12.03.06

Antoine Monot, Jr.

Taschengeld-König

Wir schreiben das Jahr 1988. Ich war 13 Jahre alt und wusste, wie ich es schaffen konnte, reich zu werden. Sehr reich sogar.

Ich wuchs in eher finanziell bescheidenen Verhältnissen auf. Das Geld langte oft vorne und hinten nicht und alle anderen hatten immer mehr als ich. Mehr Geld, mehr Markenkleider, mehr zum Vorzeigen. Während ich meine Mutter einer wochenlangen Gehirnwäsche unterziehen musste und sie dabei fast ruinierte, um ein paar originale hochgeschlossene Puma-Turnschuhe zu bekommen, hatten andere drei Paar, zwei BMX-Räder und immer 50 Mark in der Tasche. Für ein Mal wollte ich das alles haben, wollte ich Taschengeld-König sein.

Ich stieg ins Postergeschäft ein. Erinnern Sie sich noch? Wir träumten noch von Starbucks und Red Bull, aber was wir hatten, waren diese Poster. Poster mit Sonnenuntergängen, Muskeltypen, Einhörnern, Popos in knappen Höschen, fancy Cocktails und und und. Gesagt, getan. Ich schlug pro Plakat drei Mark drauf und ließ meinen eigens dafür erstellen Plakatkatalog in der Schule herumgehen. Jeder machte ein Kreuz hinter seinem Plakatwunsch und schrieb dahinter seinen Namen. Der Anfangserfolg war überwältigend. Sie kamen und bestellten. Vor allem die fancy Cocktails gingen bei den männlichen Schülern weg wie warme Semmeln, die Einhörner bei den weiblichen. Ich sah, einer Todeserfahrung gleich, in dem Tunnel, in dem ich mich befand, am Ende ein helles, »gutes« Licht. Mein Traum wurde wahr. Ich wurde reich. Die Plakate wurden dann am Ende der Woche bestellt und nach vier bis fünf Wochen kam die große Rolle zu mir nach Hause. Endlich. Das Abkassieren hatte begonnen.

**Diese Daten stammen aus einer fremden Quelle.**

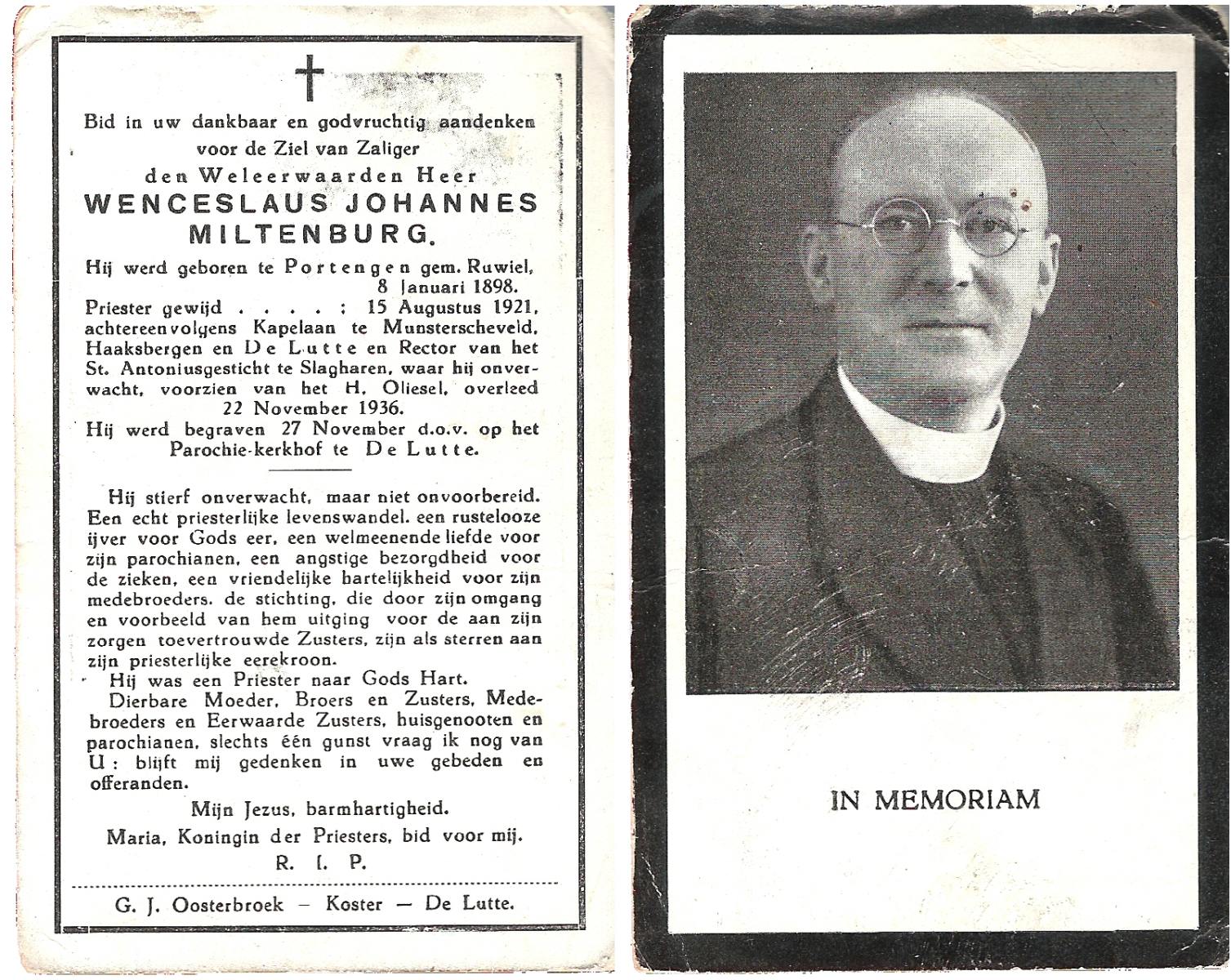 MILTENBURG, Wenceslaus Johannes, geboren op 08-01-1898 te Portengen, overleden op 22-11-1936 te Slagharen op 38-jarige leeftijd, begraven op 27-11-1936 te De Lutte.

Ich war begeistert. Natürlich konnten sich nicht mehr alle an ihre Bestellung erinnern, aber der Prozentsatz der »Nichtabnehmer« blieb gering. Ich verteilte und kassierte ein. Pro Bestellung gingen ungefähr 30 Plakate raus, mal drei Mark waren das umgerechnet 90 Mark. Wow. Wenn ich jetzt die paar Nichtabnehmer abzog, blieben immer noch rund 80 Mark übrig. Das war mehr als ich mir erträumt hatte. Ich rechnete mir aus, was passieren würde, wenn ich täglich 30, 40 ja sogar 50 Stück absetzen würde. Es war der Wahnsinn.

So verkaufte ich ein paar Wochen lang. Sobald die eine Bestellung kam und verteilt war, gabs auch schon wieder einen neuen Katalog mit neuen Motiven: rote Autos, Landschaften in der Dämmerung mit Blitzgewitter, starke Männer mit Babys auf dem Arm und natürlich noch mehr fancy Cocktails.

Irgendwann wurde ich übermütig und bestellte Plakate auf gut dünken. On Spec, wie wir heute sagen würden. Ich bestellte rund 150 Stück und brachte diese eines Tages mit in die Schule. Ich präsentierte sie stolz auf dem Schulhof. Ich pries und verkaufte. Und keiner wollte sie. Ich setzte mein ganzes Talent ein, alles was ich hatte. Zurückblickend würde ich sagen, ich probierte diverse Marketingstrukturen und -aktivitäten aus. Ich verkaufte auch, blieb aber auf 145 Plakaten sitzen. Ich hatte übersehen, dass mein Geschmack nicht der der Allgemeinheit war, und dass bald alle Kinderzimmer mit Plakaten geradezu tapeziert waren.

Bei einem Einkaufspreis von rund 19 Mark 90 war ich ruiniert. Das Geld der ersten Verdienste war längst ausgegeben und auf eine Pleite war ich – weder finanziell noch geistig – vorbereitet. Ich war, wie gesagt, ruiniert. 145 mal 19 Mark 90? Ich traue mich noch heute kaum, die Summe zusammen zu rechnen. Für einen 13-Jährigen kam das einem Offenbarungseid gleich. Und dabei hatte ich doch alles gegeben. Alles, um nur einmal im Leben Taschengeld-König zu sein. Ich fing wieder an zu träumen von Getränken, die Flügel verleihen und von Kaffeehäusern für unsere Generation.